RLM Resilience + Structured Telemetry (CONCEPT:ORCH-1.29)¶
Overview¶
Makes the RLM robust and gives GEPA a high-signal feedback channel: a structured RunTrace (per
iteration + token usage) replaces free-text reflections, a failure taxonomy classifies errors,
and recoverable-vs-fatal error handling stops the RLM burning iterations on a dead sandbox.

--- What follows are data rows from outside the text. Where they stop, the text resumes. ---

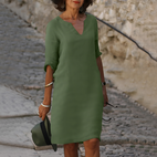 The Precilla stylish summer dress for women blends contemporary fashion with day-long comfort. Featuring a relaxed fit and a flattering V-neckline, this women's mid-length straight dress accentuates your natural shape and allows for easy movement. Crafted from a soft and breathable fabric, it keeps you cool and comfy while enjoying your warm-weather outings. Perfect for casual days, brunches, getaways, or summer parties, this adaptable dress looks great with sandals, heels, or flats. An essential piece in the wardrobe of sophisticated women.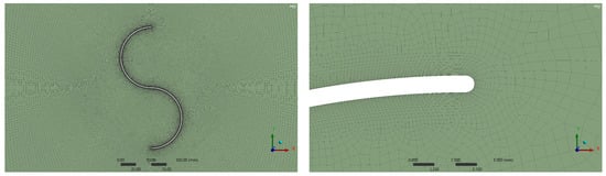 General structure of the mesh (left) and details of the mesh near the profile walls (right).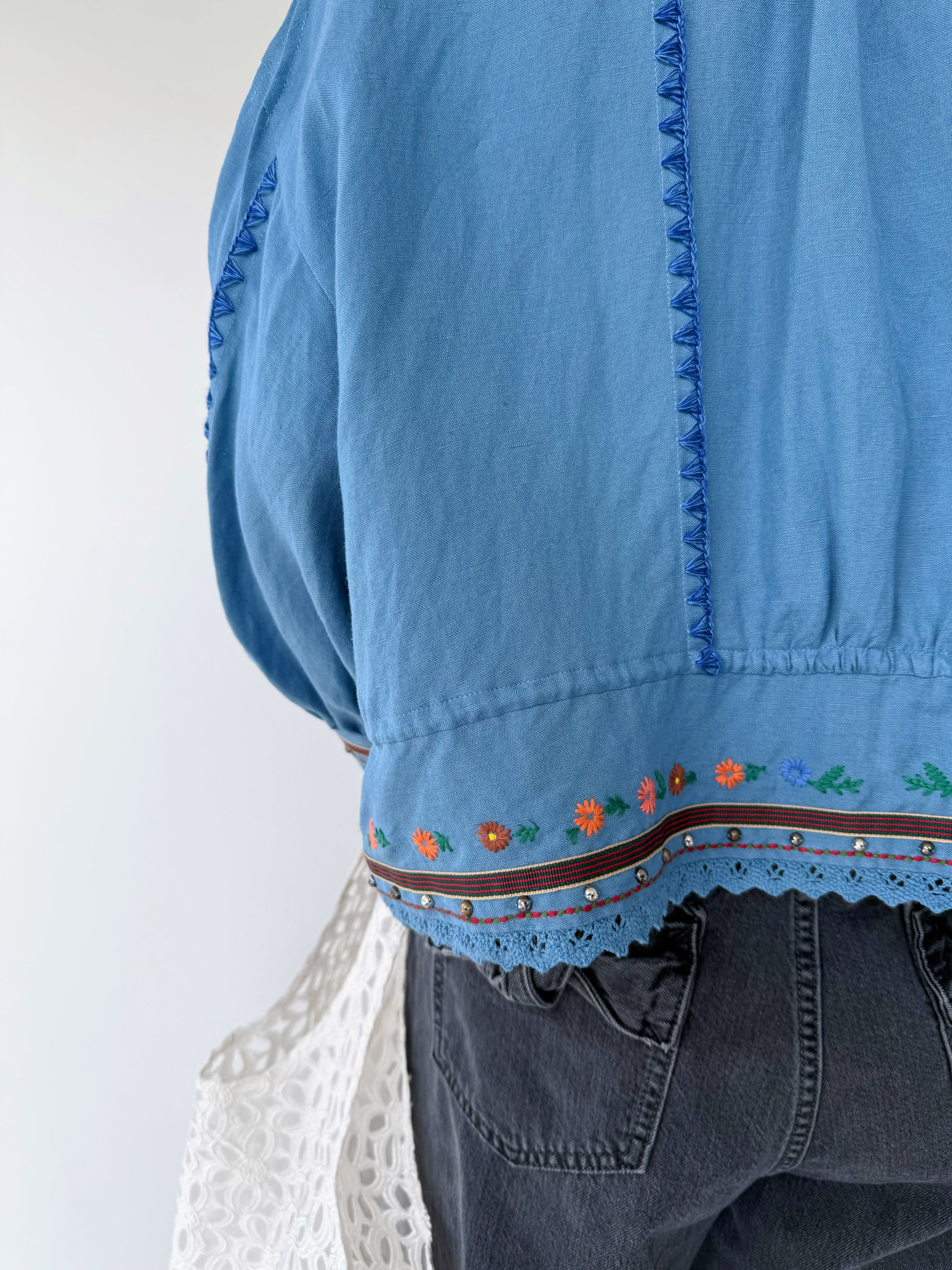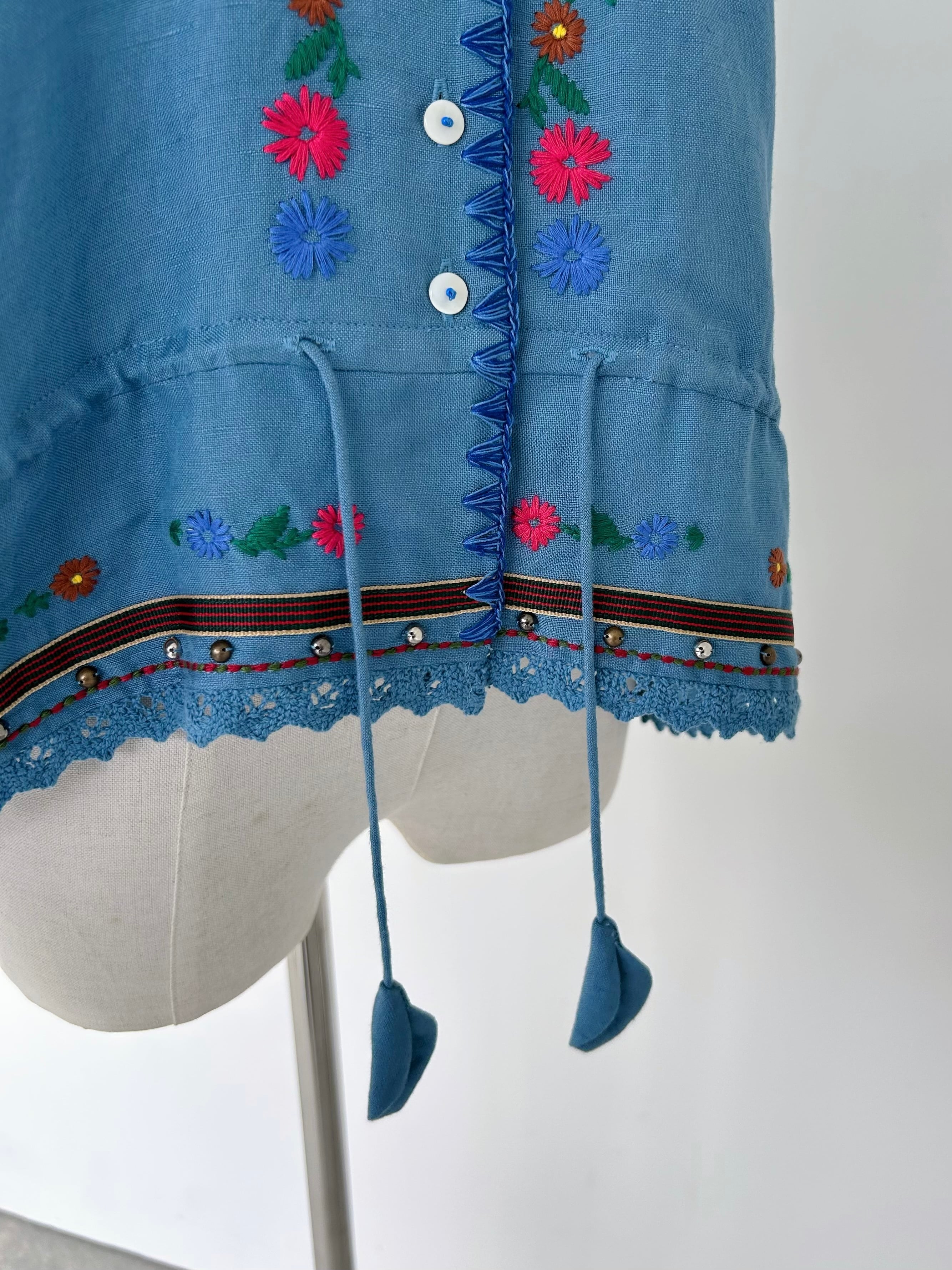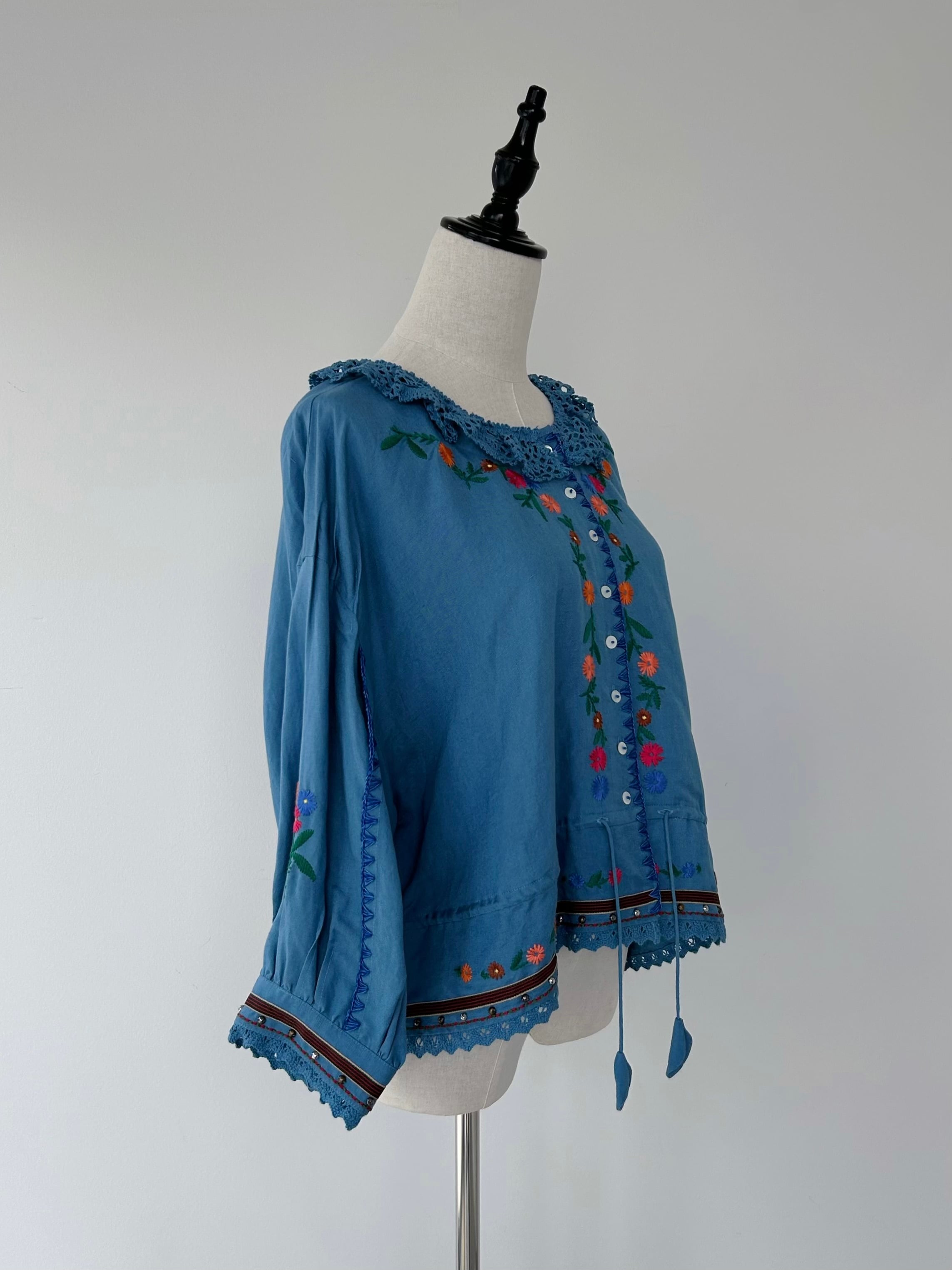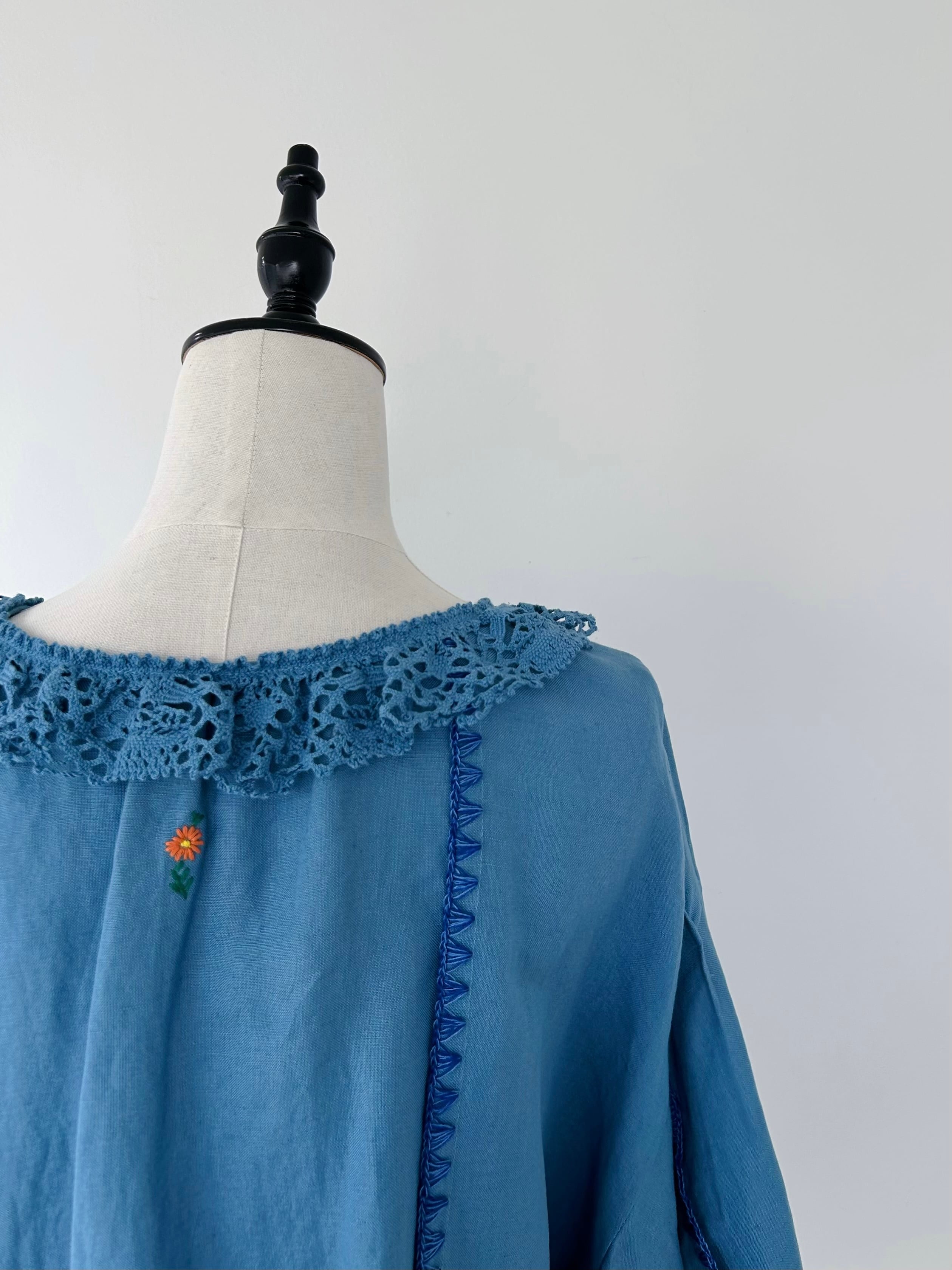 ハンドメイドタッチのフラワー刺繍やフレームのハマグリ刺繍、貝ボタンに施したビーズと表情豊かにデザインした一着。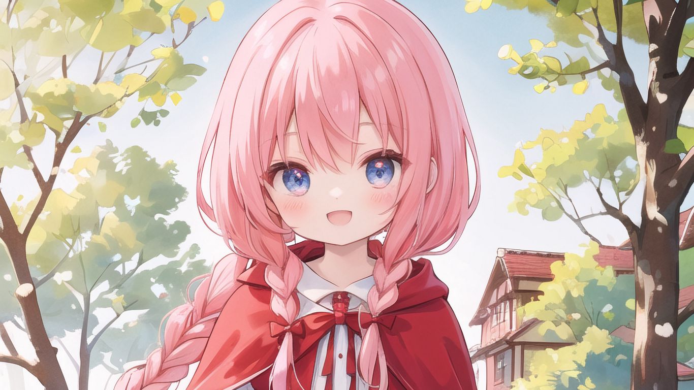 1366x768 девушка, улыбка, косички, корзина, аниме, арт обои планшет, ноутбук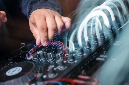 hands of the DJ on the background of the mixer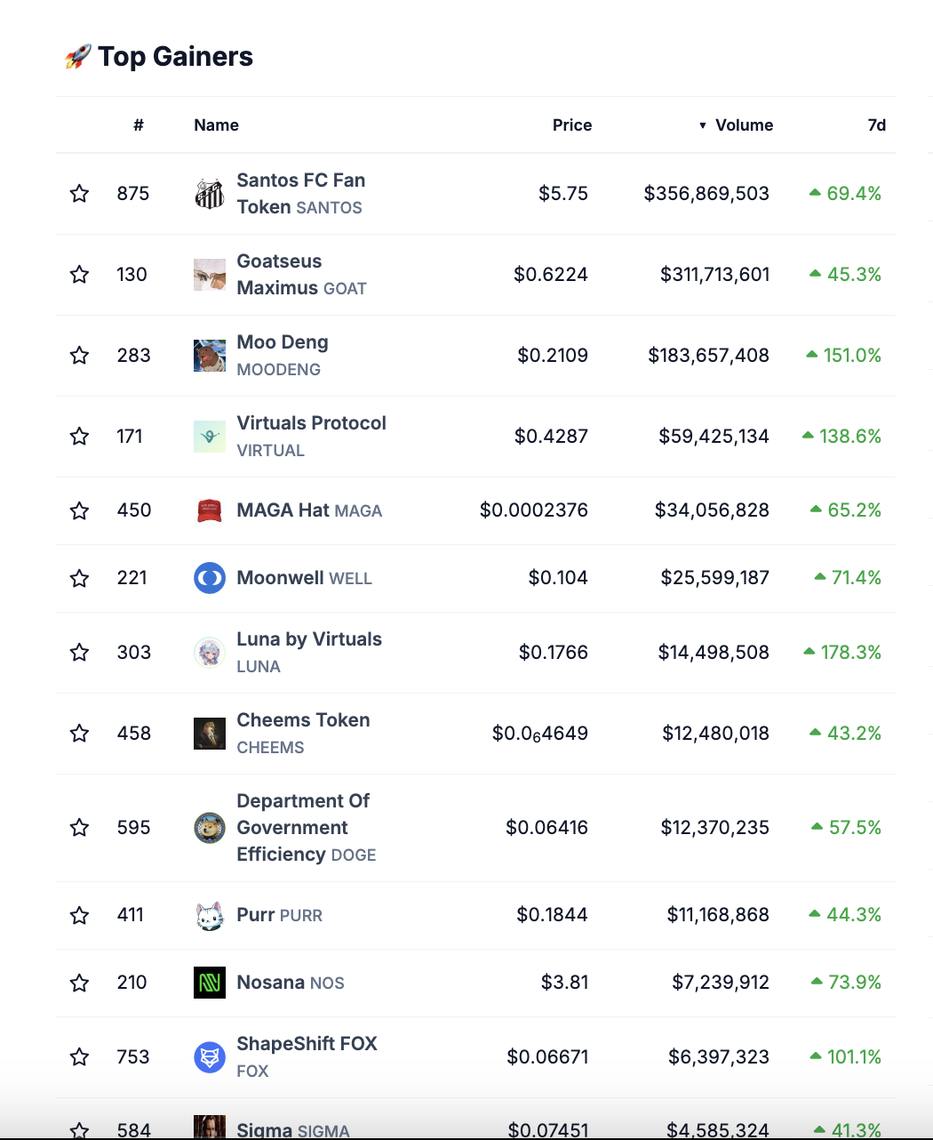 In den letzten sieben Tagen belegt Moo Deng (MOODENG) den dritten Platz der Coins mit dem höchsten Handelsvolumen. Davon ist er mit Abstand am stärksten gestiegen, denn laut Coingecko hat er einen Kurszuwachs von rund 151 % verzeichnet.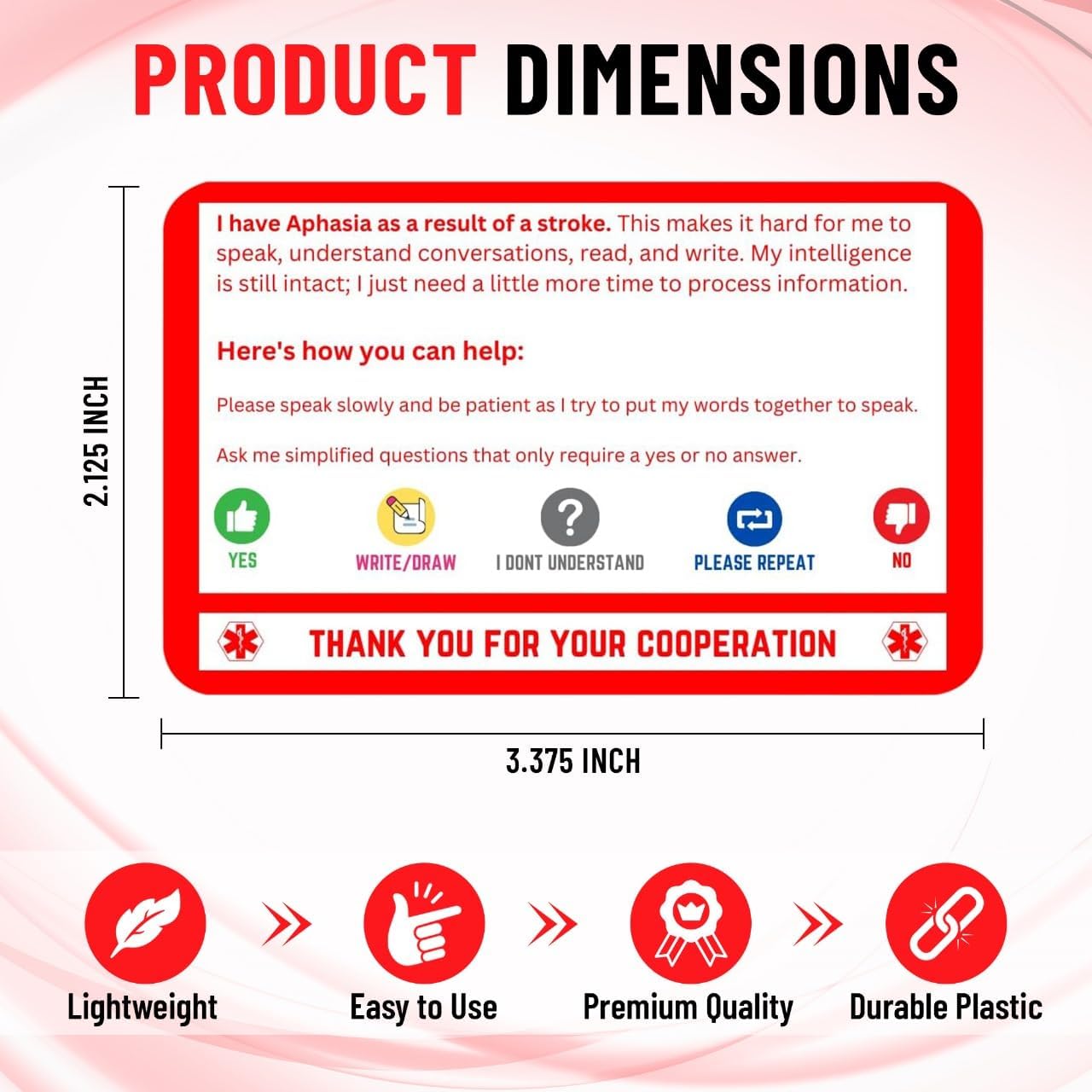 Enhance understanding and support for individuals with Aphasia, promoting inclusivity and empathy. Carry this discreet aid for clearer interactions, signaling Aphasia status and facilitating simplified communication methods.

Assimilated from predict-rlm (trace.py, telemetry.py, interpreter.py). Extends ORCH-1.12.
How it works¶
RunTrace/IterationStep/LMUsage(rlm/telemetry.py) — structured per-iteration capture (code, output, reasoning, finish reason) + main/sub-LM token usage;failure_summary()returns the dominant failure class for the proposer.FailureClasstaxonomy (model_generated_bad_code,host_tool_timeout,sandbox_exec_timeout,sandbox_fatal,sandbox_escalated,evaluator_reject,unknown) with precedence ordering;classify_failuremaps an exception/text to a class (sandbox_escalated= a benign ORCH-1.38 router escalation, low precedence).- Recoverable vs fatal —
with_tool_timeoutgives each host tool a wall-clock budget and returns a recoverable error on timeout (sandbox survives), whileSandboxFatalError(raised fromrepl.py's container path on irreversible sandbox death) fast-fails the run.
Key files / API¶
| Piece | Location |
|---|---|
| Telemetry + resilience | rlm/telemetry.py (RunTrace, FailureClass, classify_failure, dominant_failure, with_tool_timeout, SandboxFatalError) |
| Fatal wiring | rlm/sandboxes/docker_backend.py (DockerSandbox raises SandboxFatalError on dead container/timeout); the router propagates it without escalating (ORCH-1.38) |
Wiring (≤3 hops)¶
graph_orchestrate(rlm_run) → runner → repl/telemetry (≤3 hops).
Research provenance¶
predict-rlm src/predict_rlm/trace.py, telemetry.py, interpreter.py (SandboxFatalError, TOOL_CALL_TIMEOUT_SEC) — verified.